The loop that runs everything
Every AI agent, regardless of the company that built it or the interface you’re using, runs on the same basic cycle:
- Think. The agent reads your request and decides what to do next.
- Act. It calls a tool to do something in the real world. (If a skill is loaded for the task, it shapes which tool gets called and in what order; the act phase still runs whether or not a skill file is present.)
- Observe. It reads the result that came back from the tool.
- Then it loops. Back to thinking. Maybe it needs another tool. Maybe it has enough information to answer you.
That’s it. Think, act, observe, repeat. The entire AI agent industry is built on this loop. Different companies dress it up with different names, but the bones are always the same.
Walking through a real example
Let’s make this concrete. Say you type: “What’s the weather in Minneapolis right now? Should I bring an umbrella?”
Here’s what happens inside the agent, step by step.
Step 1: Think. The agent reads your message. It doesn’t know the weather. It can’t just guess (well, it could, but a good agent knows not to). It decides it needs to look up the current weather. It picks its weather tool.
Step 2: Act. The agent calls the weather tool with the input “Minneapolis, MN, current conditions.” This is a real API call to a weather service. The agent isn’t imagining the weather. It’s asking for actual data.
Step 3: Observe. The weather tool responds with something like: “Minneapolis, 45°F, cloudy, 80% chance of rain in the next 2 hours, wind 12 mph NW.”
Step 4: Think again. The agent now has the data. It reads the result, sees the 80% rain chance, and decides it has enough information to answer your question. No need for another tool call.
Step 5: Respond. “It’s 45°F and cloudy in Minneapolis right now, with an 80% chance of rain in the next couple hours. Definitely bring an umbrella.”
Five steps. Two of them were “thinking,” one was a tool call, one was reading the result, and one was writing back to you. The whole thing probably took two or three seconds.
Now imagine a harder question. “Find me flights from Minneapolis to Denver next Friday, compare the prices, and tell me which airline to pick.” That’s going to loop several times. Search for flights, observe the results, maybe search again with different parameters, compare what came back, reason about which option is best, and finally respond. Same loop, just more laps.
The agent’s working memory
Here’s where things get interesting, and where most people’s mental model breaks down.
An agent doesn’t have a brain the way you do. It has a context window. Think of it as a desk. A physical desk with a fixed amount of surface area. Everything the agent is currently working with sits on that desk: your conversation history, the results from tool calls, its own reasoning, the instructions it was given.
When the desk is clean and mostly empty (like at the start of a conversation), the agent works great. It can see everything clearly, nothing is buried, and it can reason about all the information at once.

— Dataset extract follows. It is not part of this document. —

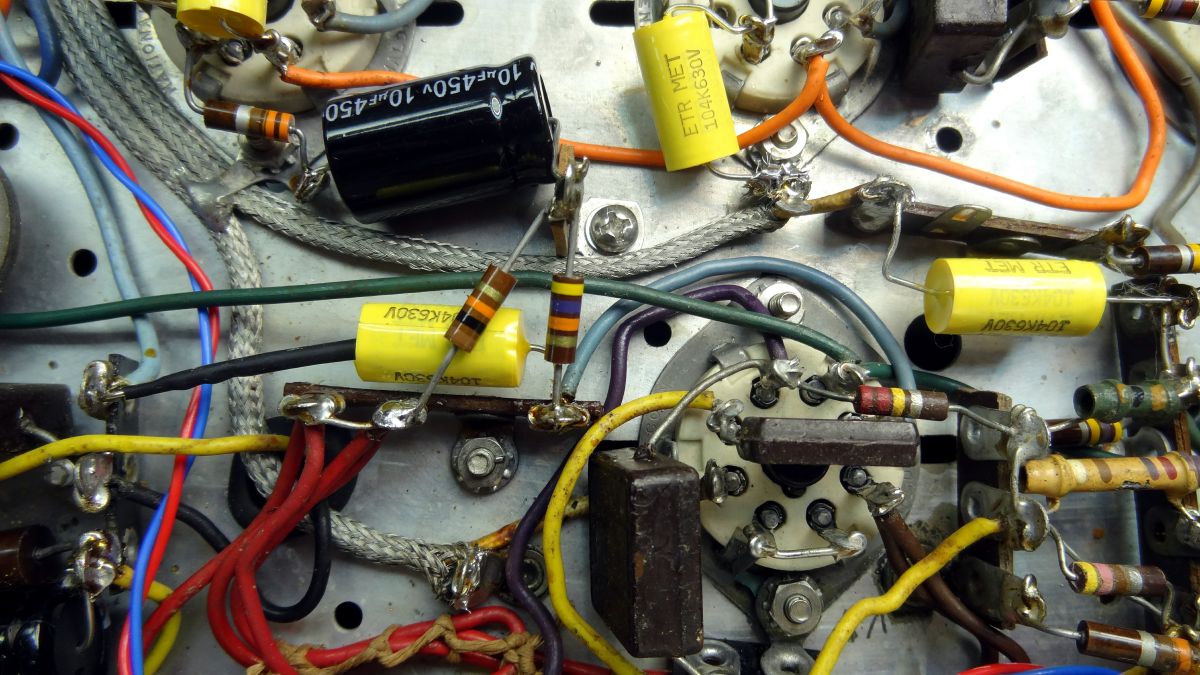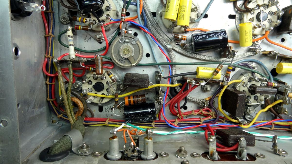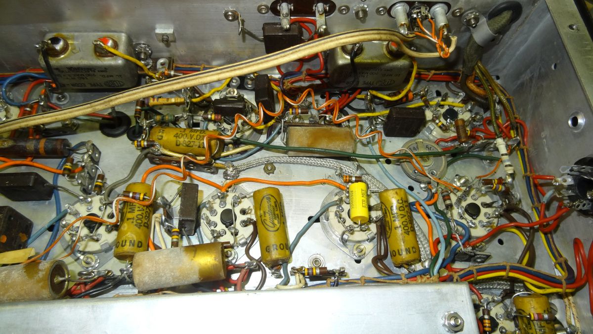This photo shows the wiring to an output transformer that I retained but moved and cleaned up the wiring in my later restoration. Note one cap has been replaced (bright yellow). This shows the difference in size. All tubulars shown are .1 uf

But as the conversation gets longer, papers pile up. Old messages, tool results, back-and-forth exchanges. The desk fills up. And here’s the problem: the desk doesn’t grow. It has a fixed size. Different models have different desk sizes (current frontier models hold roughly 200,000 tokens, with longer-context variants reaching a million; “tokens” are roughly three-quarters of a word). The exact number doesn’t matter as much as the principle: every desk has edges.
When the desk fills up, something has to go. The oldest papers get pushed off. The agent literally loses access to things you said earlier in the conversation. This is why long conversations get weird. It’s not that the agent got dumber. It just can’t see the thing you told it 45 minutes ago anymore. That piece of paper fell off the desk.
This is also why agents sometimes repeat themselves, contradict earlier statements, or forget instructions you gave at the start. They’re not being difficult. They’re working with limited space, reading whatever’s still visible on the desk.
I’ve seen people get frustrated when an agent “forgets” a preference they stated 30 messages ago. Now you know why. The fix is simple: repeat important context when you need it. Don’t assume the agent remembers. Remind it. For a deeper look at how developers are solving this problem, see Agent Memory Patterns.
How tool calling actually works
When an agent has access to skills, it receives a list of available tools along with a description of each one. Think of it like handing someone a menu at a restaurant. The agent reads the descriptions and picks the one that matches what it’s trying to do.
This is where skill files come in. A skill file is a markdown document that defines what an agent should do during the “act” phase of the loop. When someone writes a skill file, they’re defining the steps the agent takes, the checks it performs, and the output it produces. The skill file is what shapes the “act” step from a vague “do something” into a specific, repeatable process. For a real example of what a skill file looks like, see the PR review skill.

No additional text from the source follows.